Indeed, the origin of this vibration mode at low frequency has also been discussed by A. I. Lebedev in ref. 34. In this publication, the author uses first-principles calculations and modeling of the Raman spectra to determine the origin of this vibrational peak. CdSe NPLs of different thicknesses (2 to 6 MLs) are modeled with a fluorine atom layer compensating the cadmium atom surface charge for the calculations. Vibration modes with a displacement out of plane, qualified as quasi-Lamb, are calculated, but their frequencies are not in good agreement with our experimental frequencies for NPLs covered with OA. However, it is interesting to note that fluorine atoms are placed in the vacant selenium positions, and that the wave confinement calculated in 34 is defined based on the thickness of the plate plus the two layers of fluorine atoms. These theoretical frequencies are therefore obtained for a bare platelet of CdSe with an additional layer of fluorine atoms and must be compared to the Lamb model of a bare NPL with the same thickness. When considering this additional monolayer, a good agreement between the approach in ref. 34 and the Lamb model is observed. These results thus confirm that the sulfur atom constituting the thiol group is involved in a molecular bond with the cadmium atoms present at the surface of the NPLs.

This influence of the binding group explains why the NPLs with OA ligands do not follow the same behavior as that of the NPLs with thiol ligands. However, in the case of OA, there is still a discrepancy between the mass-load model for 5 monolayers and the experimental measurement.

Due to the preparation method, the NPL surface is almost completely covered with carboxylates,³⁵ that is a mixture of oleate and acetate ligands (in unknown proportions). The overall molecular weight to be taken into account should then be lower and may lead to a better agreement with that of the mass-load model. Moreover, one could expect that the oxygen atoms of the carboxylic function of OA might also be involved in the structure of the NPLs. To understand this behavior, thinner NPLs with thicknesses of 3 and 4 monolayers were synthesized with OA native ligands, and we carried out the same study with thiol ligand exchange.

The measured frequencies of the breathing mode are reported in Fig. 2 and compared with those of the mass-load model. The data are represented as a function of the molecular weight of the ligands (Fig. 2a) and as a function of the number of layers for fixed molecular weight (Fig. 2b and c). As demonstrated previously, with thiols we have to consider that the thickness increases by one monolayer and thus if we compare NPLs with the same thicknesses we observe that the frequency shifts measured for OA and ODT are almost the same. This confirms that the sulfur atoms are part of the lattice structure of the NPLs.

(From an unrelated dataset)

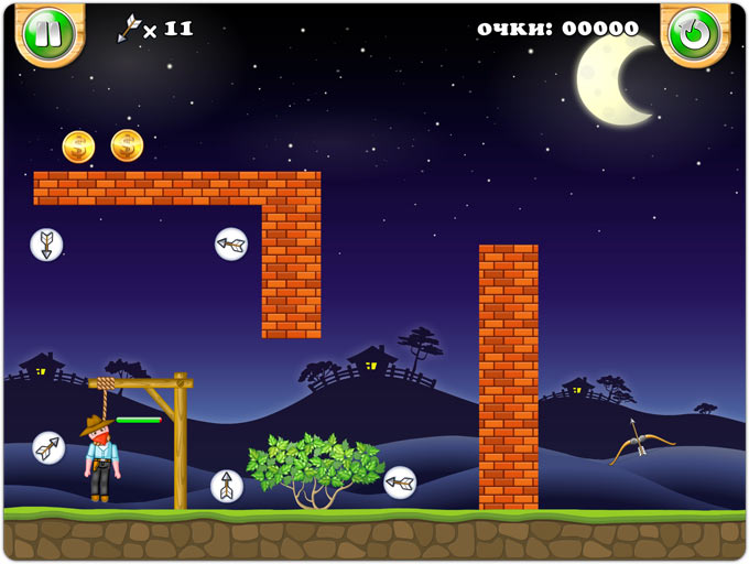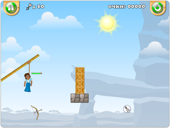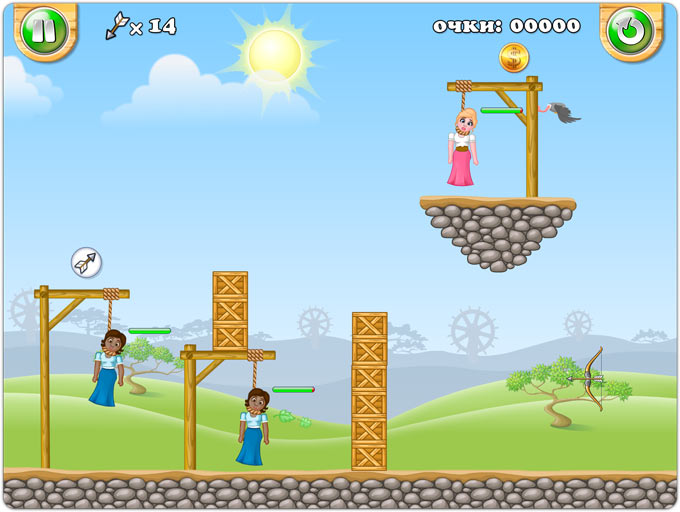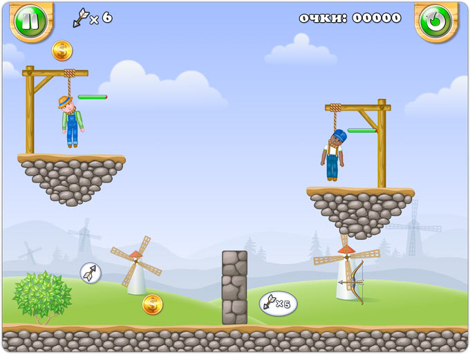 Прежде всего нужно отметить ограниченное число стрел, которое придется принимать в расчет. Также не будем забывать про регулируемую силу и направление выстрела, а также ветер, который тоже вносит свои коррективы. Кроме очевидного, игроку также предстоит столкнуться с многочисленными препятствиями. Те же ящики будут здорово мешать полету стрелы. Напоследок нельзя не упомянуть ограниченное здоровье висельников, которых мы будем спасать. Висеть вечно и ждать помощи они просто не готовы.

Fig. 2 (a) Measured frequencies of NPL vibration modes as a function of thiol molecular weight for different NPL thicknesses. Vibration frequencies of the initial oleate NPLs are also included. Red, brown, orange, yellow and black symbols correspond to OT, DDT, HDT, ODT, and OA respectively. Hexagon, square, diamond, and circle symbols correspond to 6, 5, 4, and 3 ML thick. The experimental data are compared with the mass load model¹⁵ for the different thicknesses: 6 MLs (blue line), 5 MLs (green line), and 4 MLs (red line). (b) and (c) Data for OT (red), DDT (brown), HDT (orange), ODT (yellow) and OA (black) are represented as functions of the inverse thickness of the NPLs and compared to the theoretical value for a naked NPL (black curve) (figures (b) and (c) are splitted for clarity). Continuous lines are calculated using the mass-load model. The dotted lines are guide to the eye, that are obtained by considering a modification of the sound longitudinal sound velocity that depends on the molecular weight.

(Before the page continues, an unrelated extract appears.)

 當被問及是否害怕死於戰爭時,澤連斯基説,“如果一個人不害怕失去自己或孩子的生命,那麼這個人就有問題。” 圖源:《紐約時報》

It is clear from Fig. 2 that the increase of the thiol length, i.e. the surface mass experienced by the NPLs, induces, as expected, a decrease of the breathing vibration mode frequency for all the thicknesses considered. Nevertheless, the massload model only reproduces correctly the behavior observed for 6 ML NPLs. When considering 5 ML NPLs, the agreement is still good, but a deviation from the model is observed for the heaviest molecules. When reducing the thickness to 4 MLs, the discrepancy between our model and the experimental data increases again. Fig. 2b and c represent the same set of data as a function of the inverse thickness of the NPLs and are compared with the ideal case of a bare NPL. For the thiol molecules, we clearly observe that the measured frequencies are lower than the frequency expected with the mass-load model. The difference between these frequencies increases when the molecular weight of the thiols increases, and this effect is all the greater as the NPL thickness is reduced. Fig. 2c also shows a comparison between ODT and OA molecules that have almost the same molecular weight. Albeit the general behavior is the same (experimental frequencies lower than expected frequencies and function of the NPL inverse thickness), the experimental frequencies for OA are closer to those of the mass-load model and follows a different behavior than those for ODT. These observations suggest that the mass-load model is still incomplete for thin NPLs.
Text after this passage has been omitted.